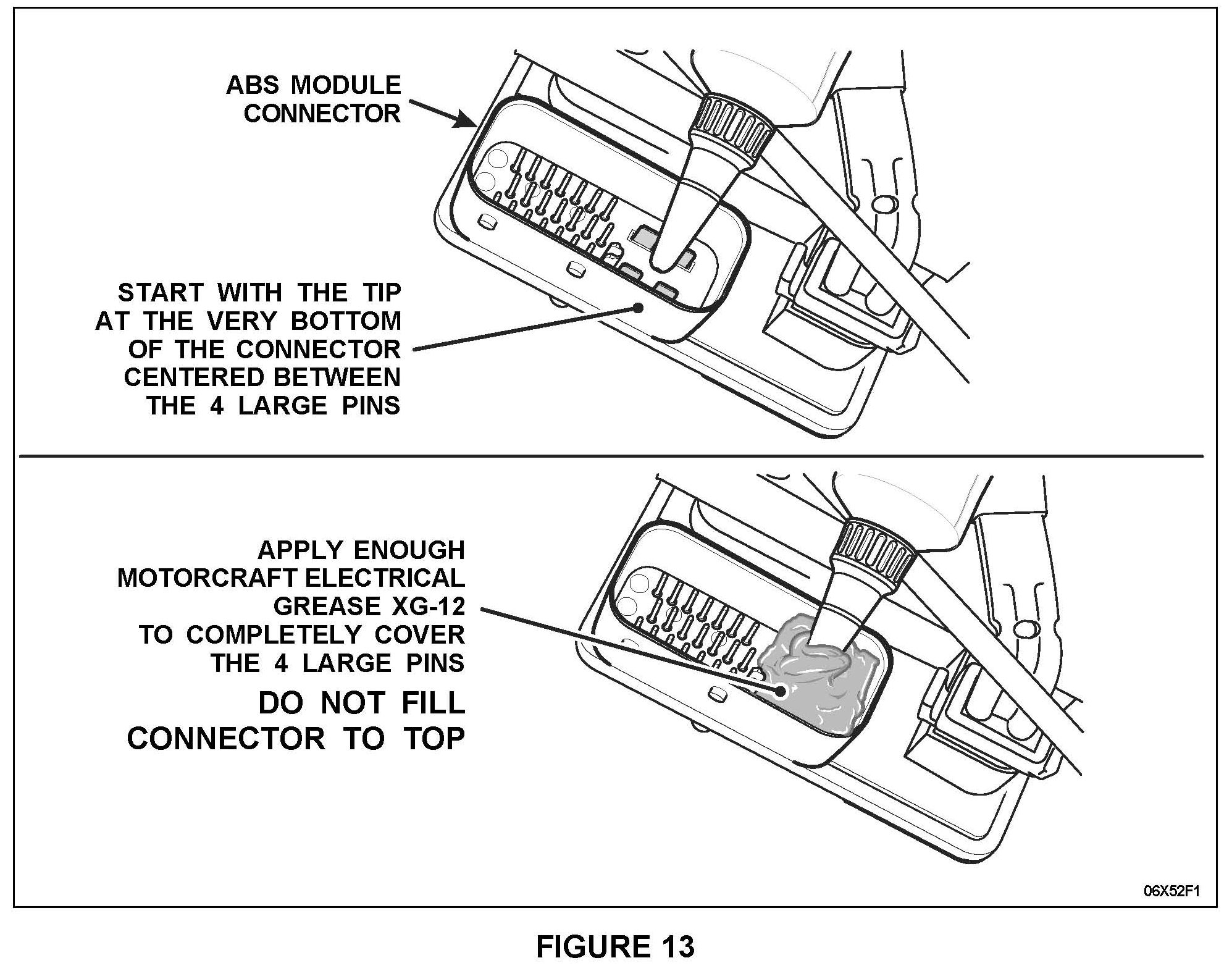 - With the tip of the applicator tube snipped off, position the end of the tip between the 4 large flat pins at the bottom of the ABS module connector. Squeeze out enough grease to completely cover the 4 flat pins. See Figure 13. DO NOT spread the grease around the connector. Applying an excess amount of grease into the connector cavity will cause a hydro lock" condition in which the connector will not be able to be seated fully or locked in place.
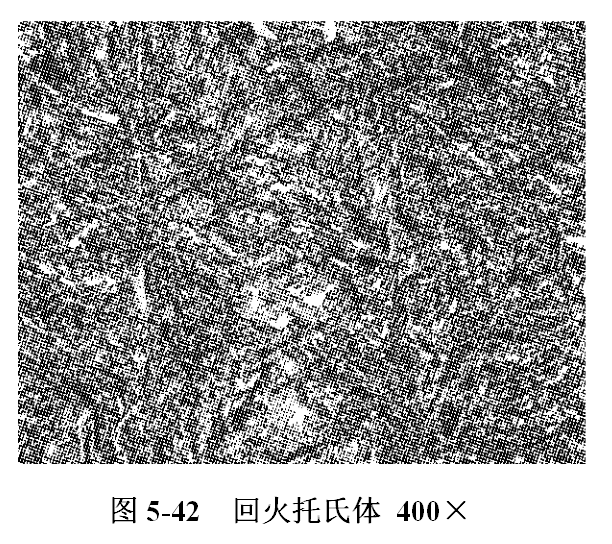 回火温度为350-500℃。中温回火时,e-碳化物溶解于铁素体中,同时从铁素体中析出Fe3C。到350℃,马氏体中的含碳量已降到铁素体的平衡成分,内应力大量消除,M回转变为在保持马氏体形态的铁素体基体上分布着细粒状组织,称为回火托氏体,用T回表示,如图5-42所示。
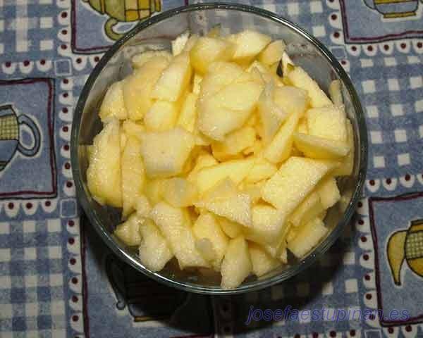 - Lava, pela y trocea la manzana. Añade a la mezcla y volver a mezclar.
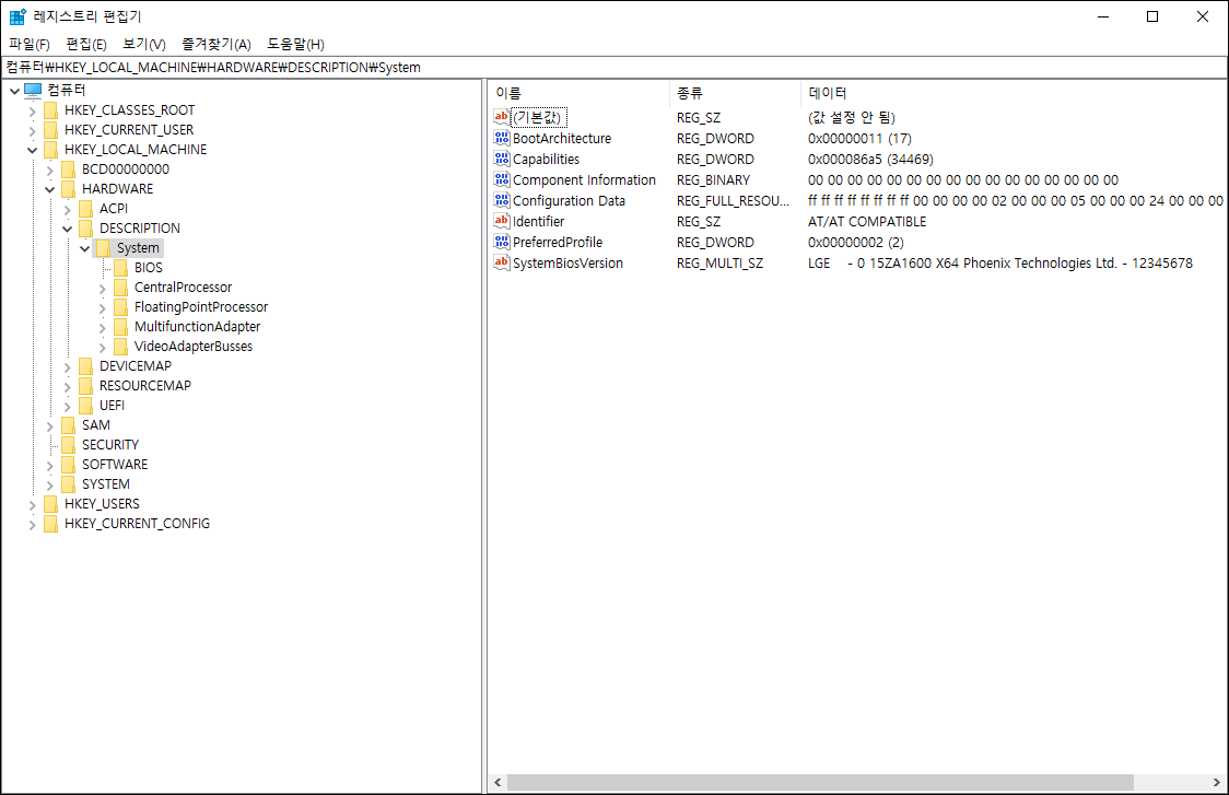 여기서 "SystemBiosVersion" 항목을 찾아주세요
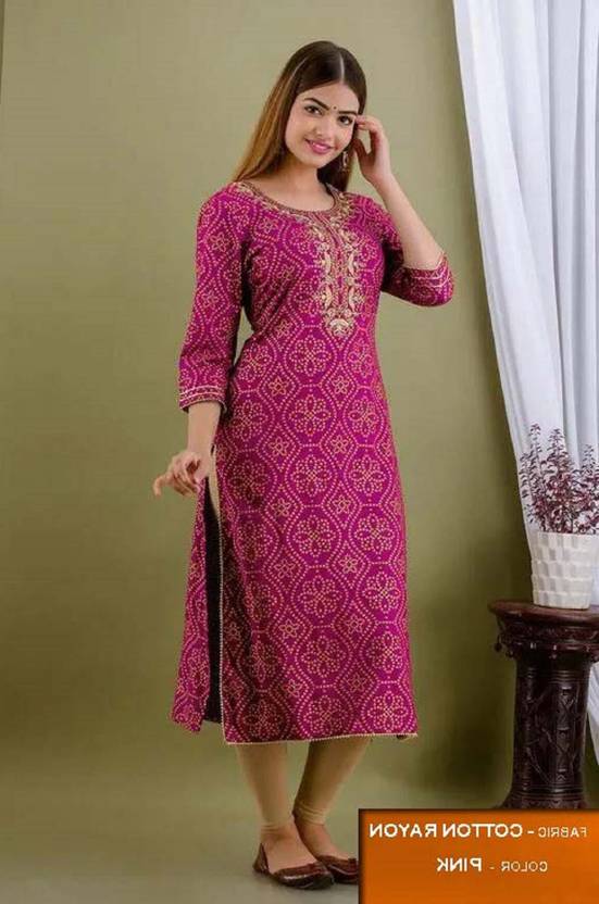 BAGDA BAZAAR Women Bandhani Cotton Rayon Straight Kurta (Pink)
--------------------------------------------------
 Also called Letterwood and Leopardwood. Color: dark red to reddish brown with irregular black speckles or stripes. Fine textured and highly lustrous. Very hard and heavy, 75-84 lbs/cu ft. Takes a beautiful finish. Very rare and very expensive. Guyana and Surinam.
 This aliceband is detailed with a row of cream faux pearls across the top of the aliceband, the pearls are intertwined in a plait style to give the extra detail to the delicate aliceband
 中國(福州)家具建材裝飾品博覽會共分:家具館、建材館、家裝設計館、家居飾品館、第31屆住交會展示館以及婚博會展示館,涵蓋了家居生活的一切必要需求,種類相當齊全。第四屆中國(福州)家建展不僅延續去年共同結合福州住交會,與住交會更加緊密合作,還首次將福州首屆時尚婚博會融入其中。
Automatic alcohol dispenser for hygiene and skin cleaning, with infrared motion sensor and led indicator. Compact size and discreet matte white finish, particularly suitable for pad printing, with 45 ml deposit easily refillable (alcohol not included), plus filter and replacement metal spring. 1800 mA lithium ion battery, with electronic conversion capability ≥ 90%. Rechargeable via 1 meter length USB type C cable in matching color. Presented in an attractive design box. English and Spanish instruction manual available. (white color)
--------------------------------------------------
Repeat exactly the lines above, beginning at the one containing "- Lava, pela" and ending at the one containing "BAGDA BAZAAR Women". Do not carry over any pictures.

 - Lava, pela y trocea la manzana. Añade a la mezcla y volver a mezclar.
 여기서 "SystemBiosVersion" 항목을 찾아주세요
 BAGDA BAZAAR Women Bandhani Cotton Rayon Straight Kurta (Pink)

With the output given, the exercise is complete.